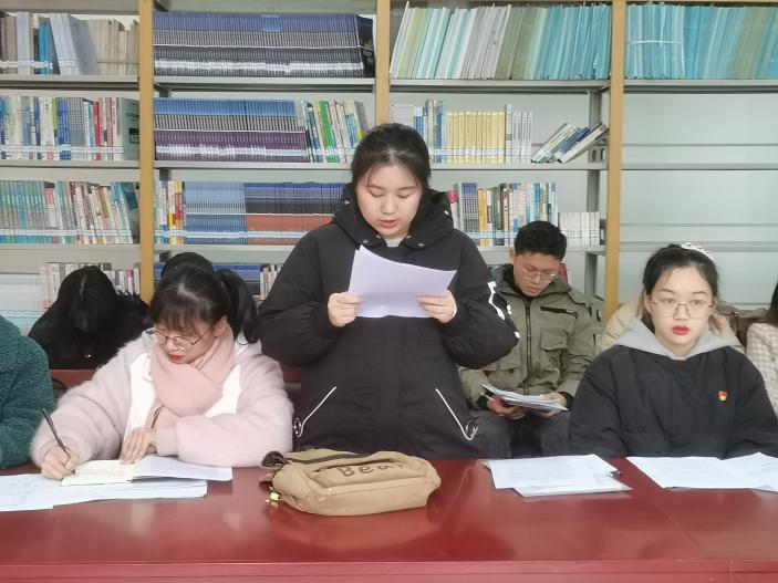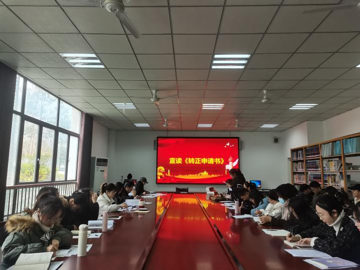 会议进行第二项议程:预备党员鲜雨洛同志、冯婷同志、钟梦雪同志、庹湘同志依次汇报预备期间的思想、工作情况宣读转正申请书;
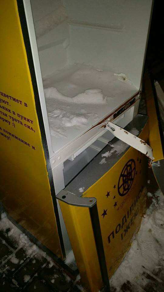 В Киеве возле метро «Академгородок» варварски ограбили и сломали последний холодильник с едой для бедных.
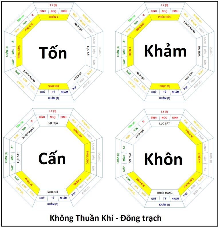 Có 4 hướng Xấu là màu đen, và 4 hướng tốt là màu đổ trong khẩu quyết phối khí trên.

================

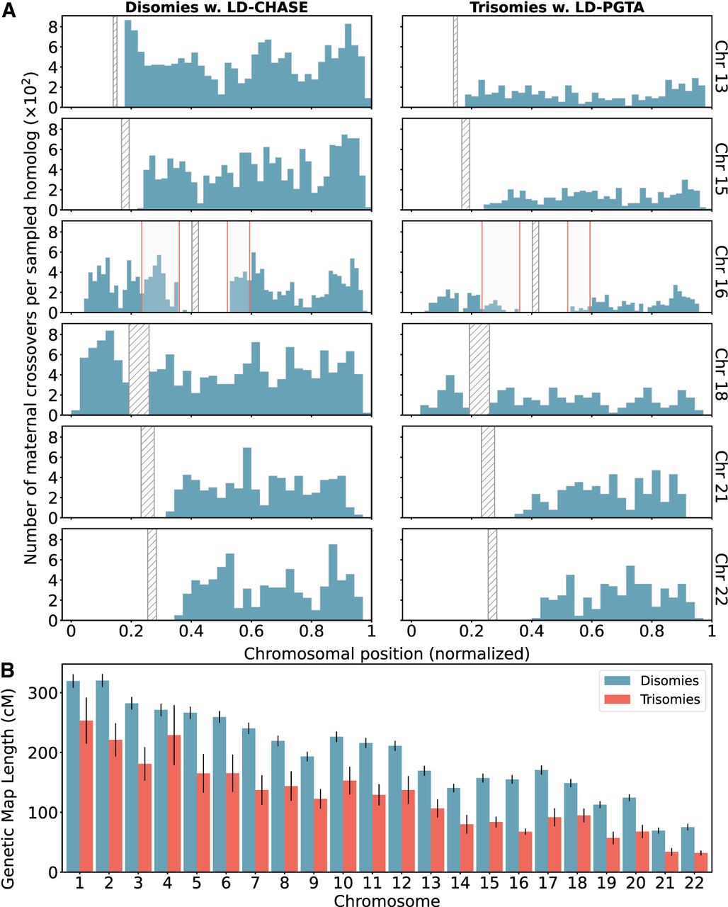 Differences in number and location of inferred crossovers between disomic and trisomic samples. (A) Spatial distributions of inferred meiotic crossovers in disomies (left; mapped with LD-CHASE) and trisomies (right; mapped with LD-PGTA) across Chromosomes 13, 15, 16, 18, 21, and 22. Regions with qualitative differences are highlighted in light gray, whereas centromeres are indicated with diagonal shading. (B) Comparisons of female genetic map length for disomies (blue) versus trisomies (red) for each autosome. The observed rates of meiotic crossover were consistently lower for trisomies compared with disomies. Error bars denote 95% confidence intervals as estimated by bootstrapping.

================

PROBLEM DESCRIPTION> What's needed is an exact copy of the records above from the line containing "会议进行第二项议程:预备党员" down to the line containing "Có 4 hướng Xấu", both included, without any pictures.

SOLUTION TO THIS PROBLEM>
 会议进行第二项议程:预备党员鲜雨洛同志、冯婷同志、钟梦雪同志、庹湘同志依次汇报预备期间的思想、工作情况宣读转正申请书;
 В Киеве возле метро «Академгородок» варварски ограбили и сломали последний холодильник с едой для бедных.
 Có 4 hướng Xấu là màu đen, và 4 hướng tốt là màu đổ trong khẩu quyết phối khí trên.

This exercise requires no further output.